Thursday, 14 September 2017

Aerial Views of Pavlovsk Palace

A breathtaking aerial view (below) of Pavlovsk Palace!

The palace was the creation of Paul I and Marie Feodorovna. After the death of Paul in 1801, the dowager empress lived here until her death in 1828. She bequeathed it to her youngest son Mikhail Pavlovich. On his death in 1849 the palace passed to Konstantin, the second son of Nicholas I and Alexandra.

Photograph c1900 (below) of the courtyard of Pavlovsk with the statue of Paul I
 Another aerial view (below) of Pavlovsk Palace

Tuesday, 12 September 2017

Grand Duchess Study/Bedroom in the Winter Palace

In 1834 at the age of fifteen Grand Duchess Maria, the eldest daughter of Nicholas I and Alexandra, was given her own apartment in the Winter Palace. Her rooms were next to her brother Alexander in the west section, facing the Admiralty.

Konstantin Ukhtomsky’s watercolor c1837 (below) of Maria’s Study/Bedroom

There are twenty-two drawings in a dark lilac leather album of interiors of various palaces, among others, sketched by Maria.

She completed two pencil drawings of her study/bedroom. The sketch (below) of her desk and the door to her drawing room was signed February 5th 1837.
 The other drawing (below) of the far corner with her bed behind the curtains was done on February 21st.

Thursday, 7 September 2017

Fire at Marly Palace in Peterhof

The Marly Palace in Peterhof, designed by the architect Johann-Friedrich Braunstein for Peter the Great, was completed after his death in 1725. The small sixteen room palace was based on the French royal hunting lodge in Marly-le-Roi.

Aerial views (below) of Marly Palace

Original plan (below) of the layout of Marly Palace and in 1944

The architect A. Semenov had restored the Marly Palace in 1898. In the late afternoon of Monday June 4th 1901, Nicholas II wrote that ‘there was a fire in Peter the Great’s house at Marly in the bedroom. Unfortunately the furniture and part of the old furnishings, preserved from that time, burned up. The cause of the fire, as it often happens, is unknown’.

Photographs (below) of Marly’s exterior and interiors: bedroom, dressing room and washbasin

Tuesday, 5 September 2017

Rare View of a 3rd Floor Room in the Winter Palace

From the beginning of his reign as emperor in 1826, Nicholas I had arranged a suite of rooms next to his own on the 3rd floor of the Winter Palace for his brother Mikhail Pavlovich. Although married with his home at the Mikhailovsky Palace, the brothers retained a close relationship from their shared traumatic childhood.
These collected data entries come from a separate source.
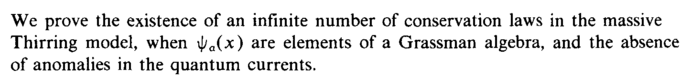 We prove the existence of an infinite number of conservation laws in the massive Thirring model, when ψα(χ) are elements of a Grassman algebra, and the absence of anomalies in the quantum currents.
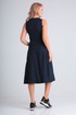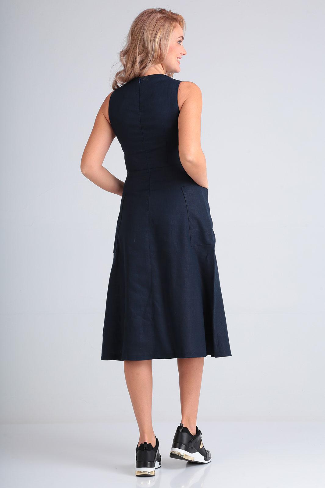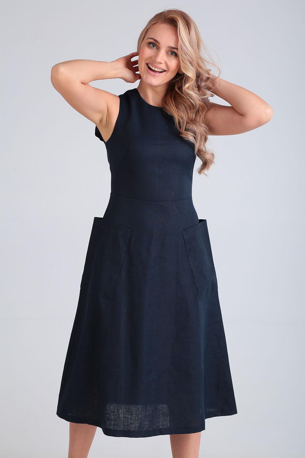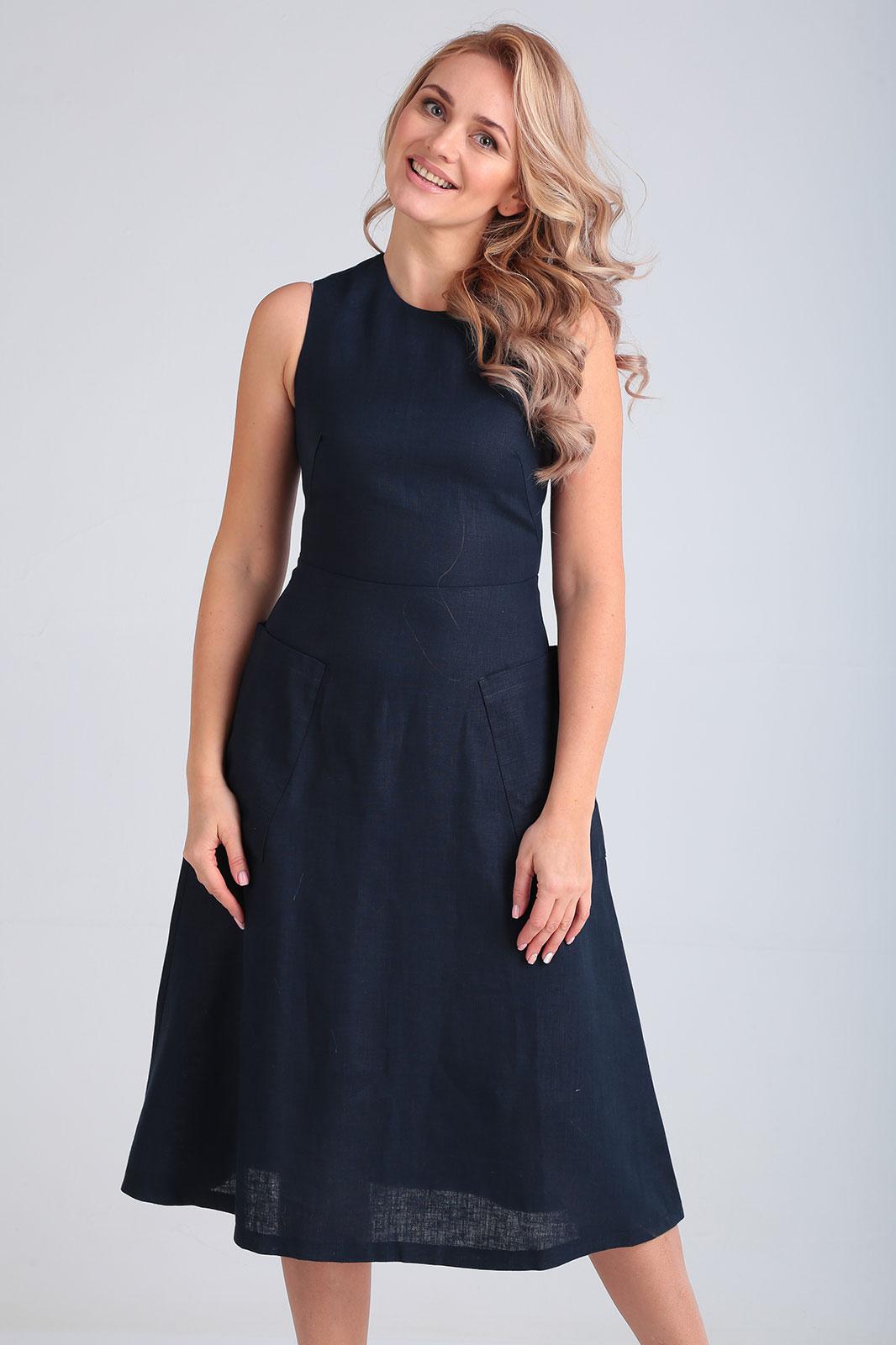 Платье длины миди, отрезное по талии, расклешенного силуэта, с круглой горловиной, без рукава, на задней полочке молния, впереди накладные карманы. Длина по спинке 109 см
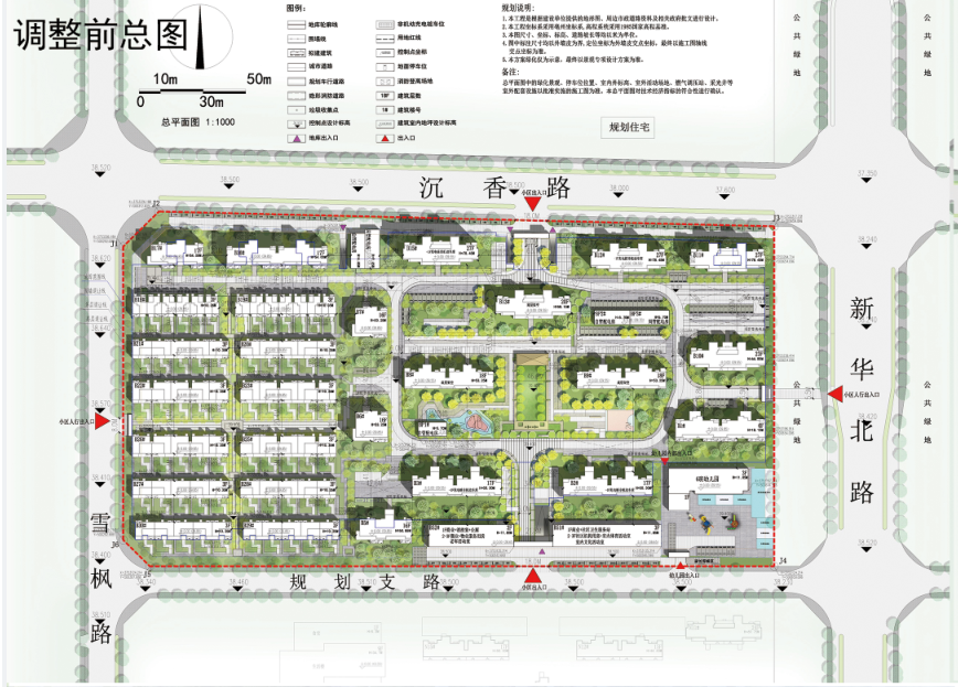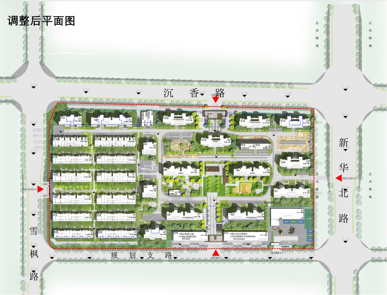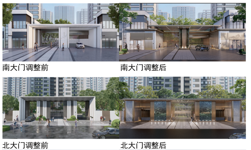 一、调整原因:原方案于 2022 年 12 月 28 日第 22 次市自然资源和规划管理委员会办公会研究通过。为提升小区环境品质,优化住宅外立面设计,项目单位申请对小区景观设计、大门、窗台高度等进行调整。
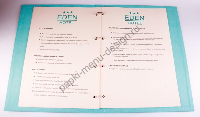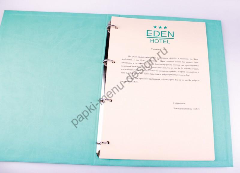 Нарядная современная папка гостя для отеля в пастельных нежных тонах (на выбор кроме бирюзового: светло-сиреневый, бежевый, голубой, белый). Папка изготовлена из матового кожзама, протирается влажной тряпкой, не боится заливов, долговечная. Формат папки под лист А4, крепление: кольцевой механизм. Информационная папка гостя необходима в каждом отеле и гостинице - согласно закону правила проживания в отеле должны находится в каждом номере на видном месте. Поэтому папка гостя - это не просто аксессуар, а соответствие закону о гостиничных услугах. Папка гостя с фирменным логотипом - это престиж заведения, дополнительная реклама, соответствие фирменному стилю заведения. Мы изготавливаем любые папки гостя для отелей.
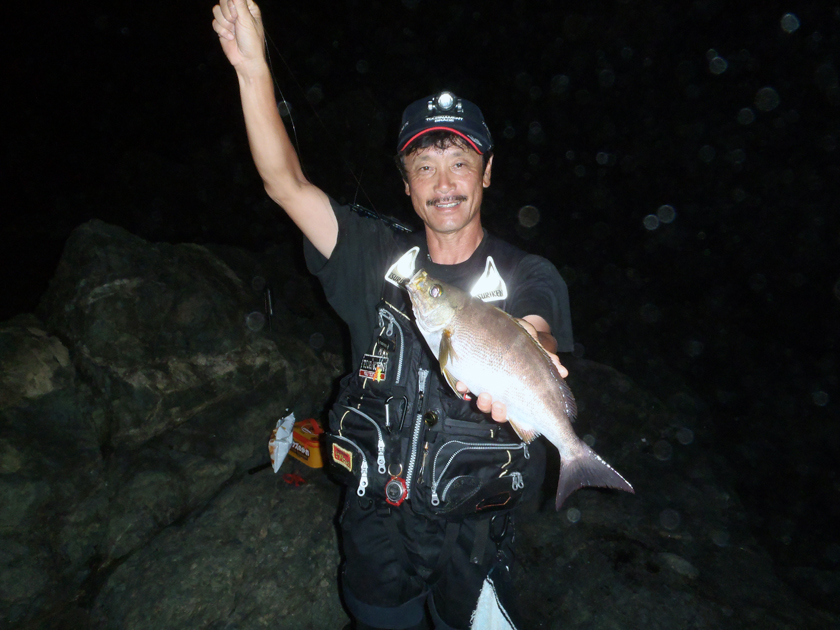 次は、夜釣りです。狙いはイサキ、アジなのですが、沖磯での竿出しならば、釣果も期待出来そうなのですが、地磯、しかも湾内ではどうなることやら… 辺りが完全に暗くなってからの竿出しをしました。ポイントは瀬から竿一本のところ。しばらく撒き餌を打ってから、仕掛けを入れました。ツケエは残った状態で還ってきました。辛抱の釣りを続けていたら、いきなりの当たり。良い竿の曲がりで上がってきたのは、40cm程の両型のイサキでした。やったぜ!
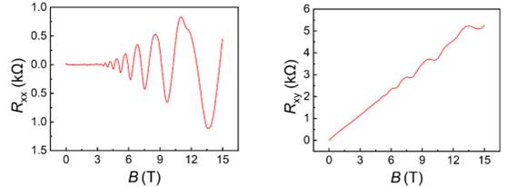 -2.5 V),器件源漏电极间加上17 Hz、100 nA的恒定交流电(根据电阻大小选择合适电流,避免电流热效应),利用锁相放大器测量器件的纵向电压Vxx和横向霍尔电压Vxy,在-9~ 9 T(14T)范围扫描垂直方向磁场,步进为0.01 T(根据测量的曲线精度要求可以自由调整),测得Vxx-B和Vxy-B曲线;
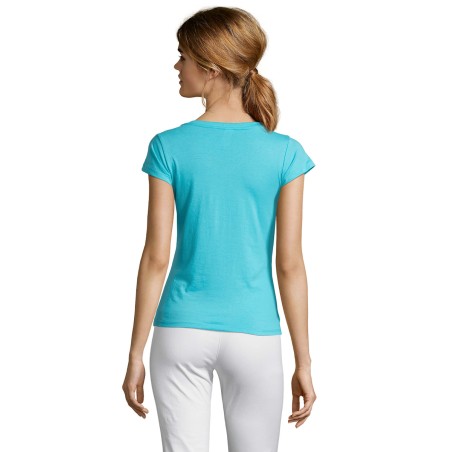 SOL'S MOON, tee-shirt femme col "v", 100% coton semi-peigné ringspun jersey 150, bande de propreté au col, manches courtes, coupe cintrée, col "v" en bord côte élasthanne, coupé cousu, (1) gris chiné : 85 % coton / 15 % viscose. Pour la correspondance des tailles, veuillez vous référer au size chart dans la documentation produit.
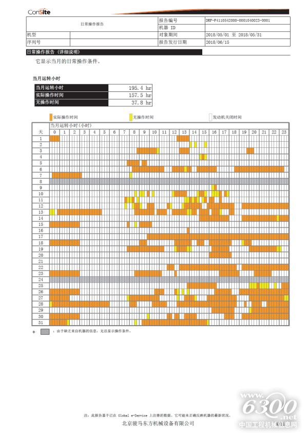 另一方面,ConSite还会为客户发送月度报告,让机主更好地掌控机器的运行情况。在ConSite为鲁忠孝提供的一份10页之多的月度机器操作信息报告中,详细地列出了机器状态、日常操作等信息,这其中包括但不限于:1、机器月度总油耗、每小时油耗等,及其与上月相比的差异;2、机器每天运转时间和油耗;机器每天的实际操作时间、无操作时间以及发动机关闭时间;3、机器的动力系统、液压系统各关键部件、关键指标的详细报告。与此同时,在报告中,ConSite还会为客户提出有针对性的改进建议。
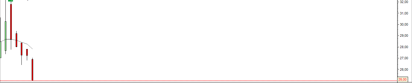 A cotada ainda atingiu os 32 USD e depois foi sempre a cair com velas diária de queda sucessivas .
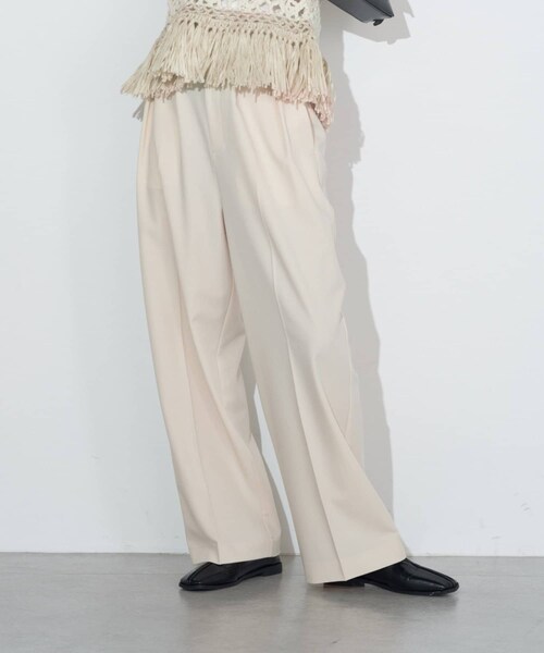 Lui's FEMME(ルイス ファム)オリジナル24SSコレクションマーベルトデザインワイドパンツ【素材】さらりと落ち感がありながらほどよい肉感の生地を使用。【デザイン】オールシーズン着まわしの効くスラックス。あえて外側に施したマーベルトがデザインポイントのパンツ。ブラック×ホワイト、○○×ホワイトの配色がシンプルな中にアクセントをプラスし、一気に洗練された印象に。ワイドなシルエットながら脚のラインがきれいに出るようにツータックとセンタープレスで仕上げ、すっきりとした仕上げました。ワードローブに加えるだけで、着こなしの幅が広がる1着です。【スタイリング】ジャストウエストでマニッシュに穿いていただくのがおすすめ。メンズのスラックスのようなマーベルト仕様で綺麗めなオンスタイルにも、カットソーやスニーカーと合わせたラフなスタイリングにもおすすめなアイテムです。あわせるトップスに困らないアイテムです!**********************透け感:なし伸縮性:なし光沢感:なし生地の厚さ:普通**********************【ブランド】Lui's FEMME(ルイス ファム)凛とした芯のある女性。 自立した、女性のワードローブをイメージ。洗練されたかっこよさの中に、女性らしさ・かわいさ・セクシーさを持つ。自分自身のスタイル(自分らしさ・個性・生き方・感覚...)を表現できるひとつの手段としての服。肩肘張らない、心地よいリラックス感のあるスタイルを上質な素材、優雅なシルエットで提案。【注意事項】※画像の商品はサンプルです。実際の商品と色味、仕様、加工、サイズ、素材等が若干異なる場合がございます。※工場の生産の都合上、納期が変更になる場合がございます。発送日の前後については予めご了承ください。※入荷状況により、お客様への発送が店頭販売より遅れる場合もございます。※商品を使用前に、タグ等に記載されている「取り扱い上の注意書き」、「洗濯表示」を必ずご確認ください。※商品画像は、光の当たり具合やパソコンなどの閲覧環境により、実際の色味と異なって見える場合がございます。予めご了承ください。▼商品のお気に入り登録完売カラーの再入荷通知やセール情報を受け取ることができます。▼PALCLOSETアプリにてブランドフォロー新商品や再入荷等、いち早くブランドのお得な情報を受け取ることができます。

In the 1880s, Grand Duke Alexei, the fourth son of Alexander II, lived in the former apartment of Mikhail until his own palace was completed in 1886.

During the years of Nicholas II, the rooms were used by visiting relatives.

Rare photograph (below) of the Drawing Room (395) of the former apartment

It was taken in November 1917 during the commission’s listing of the damage to the rooms in the palace. The drawing room has two windows facing the Neva River. The door in the photo leads to the former corner study with the window facing the Jordan entrance to the palace. The rooms have been beautifully restored by the Hermitage Museum.

Friday, 1 September 2017

A Palace on the Embankment near the Winter Palace

We are reading Helen Rappaport’s extremely interesting book ‘Caught in the Revolution’ in Petrograd (St. Petersburg) in 1917, with outstanding new research material from my favorite original sources: diaries and letters.

A note in the book states the location of the National City Bank was at 8 Palace Embankment. It was the former Kantemirovsky Palace, an unfamiliar name. We were curious as we had walked by it many times. It was prime real estate near the Winter Palace with owners requiring approval from the imperial court. Why didn't a member of the imperial family buy it?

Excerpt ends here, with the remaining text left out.